The application for permission to appeal, as I mentioned, was made by the Trustee in Bankruptcy, but it seems to me that the respondents should have the same privilege. However, so far as concerns the respondents, the permission which I am granting does not apply to the first judgment which I made. That is to say, I am not giving permission to appeal on the question of claim to ownership of the property.”
Clearly, in giving permission on that basis Mr Bompas envisaged a possible challenge to his judgment as regards the principles on which he had exercised his discretion. That is not the nature of the appeals launched, to judge from the grounds in the appellant's notice and the skeleton arguments. All points there taken deal with the preparation for the various hearings, the conduct of the hearings, and what the appellants say is the injustice of the judge not accepting their case as to the 1995 trust deed. Nothing in the grounds of appeal or the skeleton argument deals in any way with the terms of the judgment dated 12 January 2009 or indeed even mentions the basis of that judgment. If the actual grounds of appeal had been put forward in support of an application for permission to appeal, permission would not have been granted.

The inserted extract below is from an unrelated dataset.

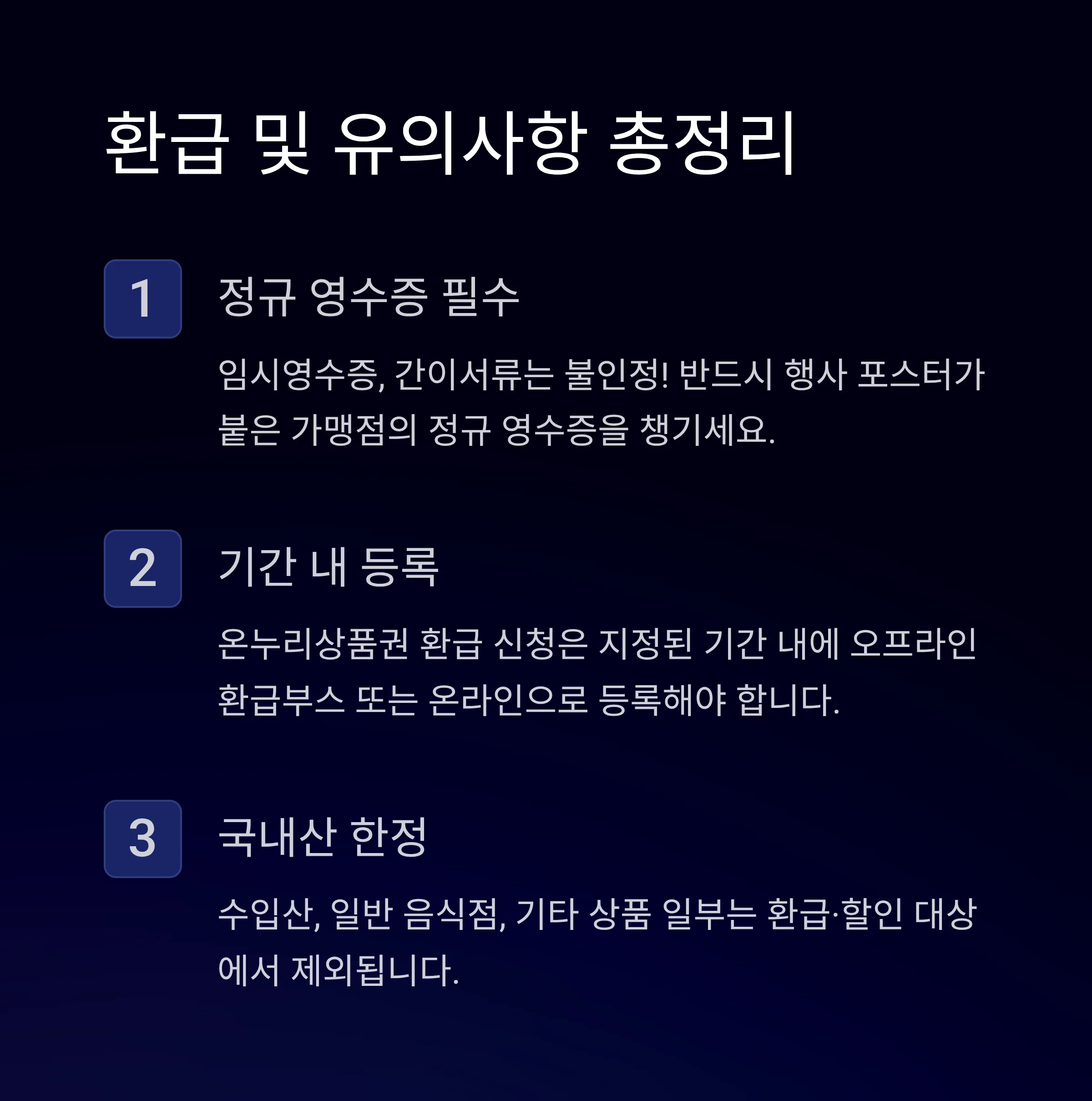 - 환급행사기간(1~5일) 구매 시, 반드시 행사 포스터가 붙은 가맹점/쇼핑몰 이용·정규 영수증 챙기기

Accordingly, the position is that, though judgment with an order for possession was made on 12 January 2009 and was affirmed, despite Mr Haghighat's application for review, in April 2009, he has appealed, as has Nasrin Darabadi, and has lodged extensive documents in support of his appeal, but none of them have any relevance to any possible issue that might demonstrate that the judge's order was not well founded. He has also, as I have mentioned at the outset, made a number of applications for an adjournment of the hearing of the appeals. I have no difficulty in accepting that he is in what may be described as a fragile and difficult medical state. In a sense, that was part of the deciding factors for the judge in deferring the order to settle, which is the need for care for the child. The fact that three years was allowed is something that might permit the need for possession to be given to be accommodated, notwithstanding the medical problems that Mr Haghighat has.

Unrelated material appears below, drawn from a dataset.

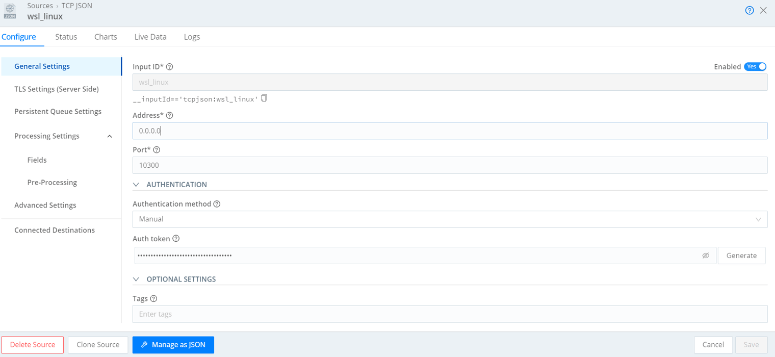 To start, navigate to “Sources” in Cribl Stream and add a source. By using 0.0.0.0 as the IP address, you are instructing Stream to listen to all incoming IPs. The default port used in this example is 10300. Make sure to generate an authentication token and save it for later. Click save and let’s move forward.

The first question that we have to consider in the light of the latest communications from both the appellants is whether to adjourn the hearing yet further. In my judgment it would not be appropriate to do that. It seems to me that, whilst one can have a good deal of sympathy, particularly for Mrs Darabadi, who is having to cope with her son's extremely problematic medical state, the appeals that have been launched against the judge's order have no prospect of succeeding, and the continued subsistence of the appeals does no more than distract attention from the need to get on with complying with the order in due course and preparing for that compliance in the meantime. The three-year period will expire under the order in January 2012, so there is not a great deal more than a year to go in which such preparations have to be made. It seems to me that it would be not in the interests of any party for the determination of these appeals to be postponed for a period that, on past form and according to the implications from Mr Haghighat and his GP, could be indefinite. It would be inappropriate for any such postponement to be ordered.

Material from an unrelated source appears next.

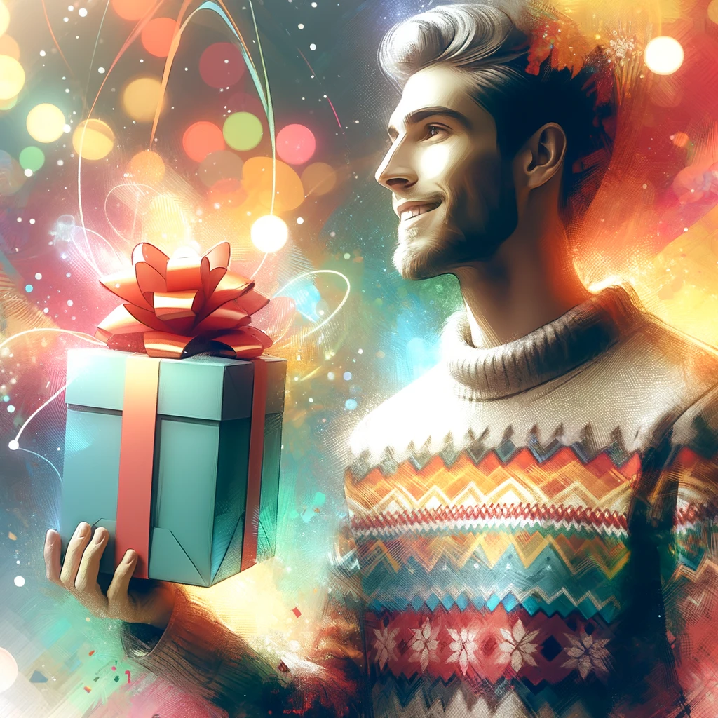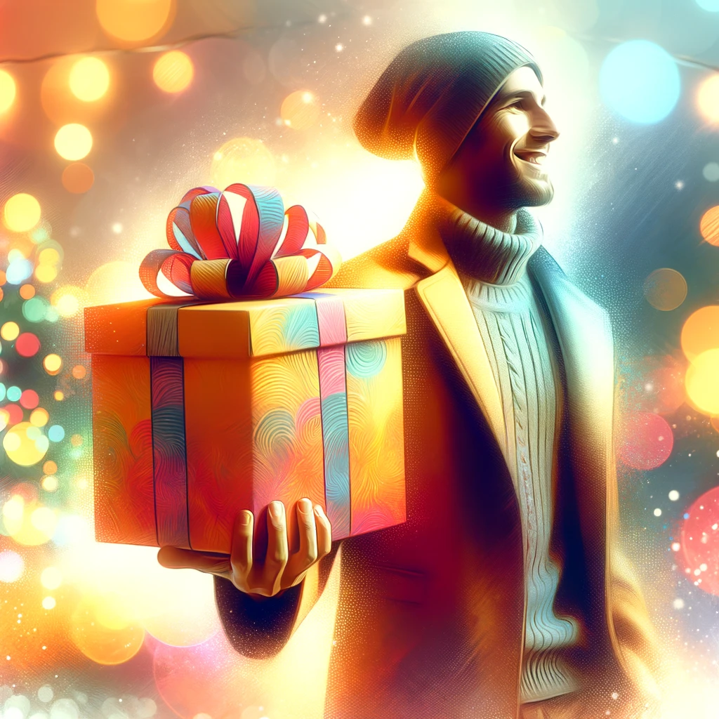 上の画像2枚はDALL·Eで生成されたもので、カラフルで幻想的な背景の中、サンタ帽やセーター姿の人物が片手でギフトバッグやギフトボックスを持っており、ホリデーシーズンの温かく祝祭的な雰囲気が漂っています。

For those reasons, I would refuse the application for adjournments on the part of both appellants. Turning to the substance of the appeals, I am satisfied that it is not open to either of the appellants to rely in support of the appeal on the grounds on which they do rely, all of which are points which have been dealt with in orders for which permission to appeal has been refused. In turn, there is nothing in the appeals that provides any arguable basis for challenging the judge's extremely careful and well thought out exercise of his discretion.
It follows that, in my judgment, both of the appeals ought to be dismissed.
Lord Justice Rix:
I agree. So the application for adjournment is refused and the appeals are dismissed.